Although the air–ocean or ice–ocean surface stresses are more directly related to the energy transferred to the surface layer, we use the wind speed instead because of the difficulties in estimating ice–ocean surface stresses in ice-covered regions. Since winds steadily blowing in the same direction for a long time have a greater impact on upwelling dynamics (e.g., Bakun 1973; Carmack and Kulikov 1998; García-Reyes et al. 2014), we present results for 1–80-day average winds prior to the reported date of each oceanographic station.

4. Results

The Atlantic Water on the Mackenzie continental slope are identified by a temperature increase at intermediate water depth of 120–200 m (Fig. 2a). The maximum temperature and salinity variances are observed at approximately 200- and 170-m depths, respectively (Fig. 2). We interpret this high variance in temperature and salinity as vertical displacement of the AW upper boundary, although decadal variations of the AW thermal state and/or freshwater content in the surface layer can also affect the boundary position (Zhong and Zhao 2014). The average depth of the −1.0°C isotherm over the Mackenzie slope is 185 m, in reasonable agreement with the mean depth of 33.8 isohaline (181 m). The spatial pattern of the −1.0°C isotherm depth standard deviations interpolated on a 10 × 10 km2 grid show higher variability along the Mackenzie slope while the variability decreases off slope (Fig. 1). Note that the average distance between stations is approximately 6–8 km.

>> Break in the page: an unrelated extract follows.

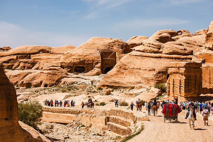 Neben der Erkundung zu Fuß oder mit der Kutsche kann auch eine Mischung gewählt werden: Im unteren Teil der Stadt Petra wird alles zu Fuß entdeckt, während der Hauptanstieg auf dem Rücken von Eseln bewältigt werden kann.

This results in approximately 10–20 stations within a 15-km search radius, making the pattern shown in Fig. 1 rather robust.

Fig. 2.
Fig. 2.

Scatterplot of (a) temperature (°C) and (b) salinity for all hydrographic stations from 1950 to 2013. The solid and dashed black lines below 50 m depict mean profiles and their standard deviations, respectively. Red and blue lines indicate the average profiles corresponding to the presumable extreme (D−1° and D33.8 are beyond plus or minus one standard deviation) upwelling and downwelling events observed for 200–600 (solid lines) and 100–200 m (dashed lines). Dotted threshold line indicates −1.2°C below 100 m (see explanation in the text).

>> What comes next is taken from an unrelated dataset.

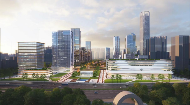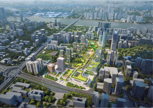 The plan positions the area as a new business powerhouse anchored by eco-garden offices and high-end corporate headquarters.

Citation: Journal of Climate 29, 12; 10.1175/JCLI-D-15-0804.1

With few exceptions the temperatures exceeding the −1.2°C threshold value monotonically increase from approximately 120 (Fig. 2a) to approximately 400–500 m, where the local maximum of long-term mean temperature of +0.41°C associated with the AW core is observed (not shown). Considering the steady salinity increase with depth, it implies that the −1.0°C isotherm and 33.8 isohaline can be used to identify vertical displacement associated with wind-forced upwelling over the Mackenzie continental slope. Moreover, the mean −1°C isotherm and 33.8 isohaline depths (hereinafter referred as D−1° and D33.8, respectively) approximate those of maximum temperature and salinity variances, suggesting that D−1° and D33.8 are reliable predictors indicating vertical displacement associated with upwelling or downwelling events (Fig. 2). Although the total amount of oceanographic stations and their temporal coverage are different for different ocean depth ranges, the increase in mean D−1° and D33.8 are statistically significant at around the 200-m isobath (Fig. 3b), whereas mean D−1° and D33.8 are relatively stable at 200–600-m bottom depths (hereafter referred to as the deep zone, in contrast with the shallow 100–200-m zone of continental slope). Large interannual variability is present in both D−1° and D33.8, with statistically nonsignificant linear trends of 0.9 and −1.4 m decade−1, respectively (Fig. 3a). The high correlation between D−1° and D33.8 of +0.96 indicates the synchronous vertical displacement of isotherms and isohalines.

Fig. 3.
Fig. 3.

(a) Depths (m) of the −1°C isotherm and 33.8 isohaline (red and blue crosses, respectively) for 200–600-m water depths and linear trends. Mean depths and standard deviations for different (b) depth ranges and (c) seasons. The numbers above the standard deviation bars indicate the total number of stations in the different depth zones and seasons.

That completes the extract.